Ночью на меня опять бухнулся кто-то из тройни – однажды уже убрал фигурки на подоконник, Агнешка их тут же смела, сказала, вдруг кто увидит, у нацистов нет чувства юмора, и если не ради себя, то ради дела я не имею права так рисковать.

Ставил их на пол, Гиля с молчаливым упорством сироты переставлял их на полки. Холодно им, понимаешь, ночью дует. Теперь же, когда Гильки нет, рука не поднимается убрать его тройню.

Три «поросенка»: Фриц, Франц, Ханс и красный волк.

Почему, Кэтти, все получается так неправильно? Как ни кинь – всё неправильно. Что красный волк, что серый. И сосредоточиться бы только на службах, но люди задают вопросы. И как сосредоточиться только на службах, когда столько боли вокруг?

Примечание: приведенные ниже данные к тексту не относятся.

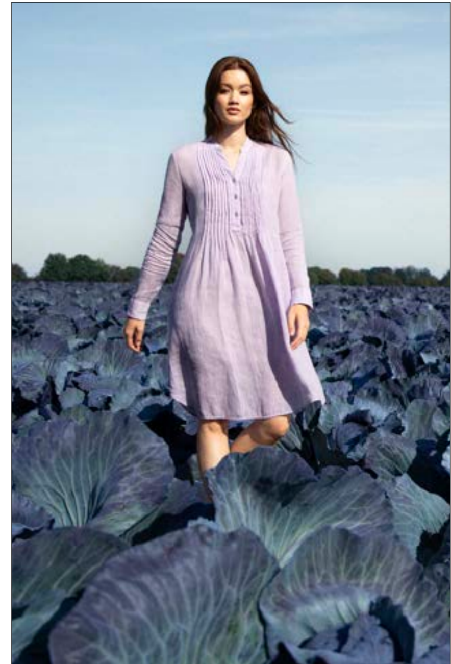
Kleid Kasumi-W2SK 155038/620

Ein verträumtes Ensemble und greifbarer Luxus in einer Farbe, die mit einzigartiger Tiefe und Komplexität besticht. Von tiefen, königlichen Schattierungen bis hin zu lebendigen, jugendlichen Tönen — eine breite Palette von Ausdruck.

Не талдычить же всем на всё одинаковое – так надо, на то воля божья, будь смирен, однажды воздастся…

Хочется, Кэтти, я бы даже сказал, необходимо иметь уверенность в правильности мира, хотя бы в верном своем его понимании.

Не так ли оставляет людей вера?

Я бы хотел быть спокоен и добр, когда знаешь, что все правильно, и господь прав, и помогаешь чем можешь, не вмешиваешься зря в дела провидения. Но дать застрелить человека – провидение это или нет?

Ненависть такая, как у Агнешки, желание мести, разве можно пройти мимо слепым бревном и не обжечься? Не задать себе вопросов?

Ну вот, опять, старый начал нудить, да, Кэтти?

«И вы прямо верите в толстозадых ангелов с крыльями?» – недавно мне тут кричала одна. В толстозадых не верю. Но иногда я спрашиваю себя, бывает ли так, может ли так быть, Кэтти, чтоб всю жизнь тыкаться полуслепым кутенком, а в раю внезапно прозреть? Как можно не понимать, не понимать и внезапно, как молния вспыхнула, всё увидеть?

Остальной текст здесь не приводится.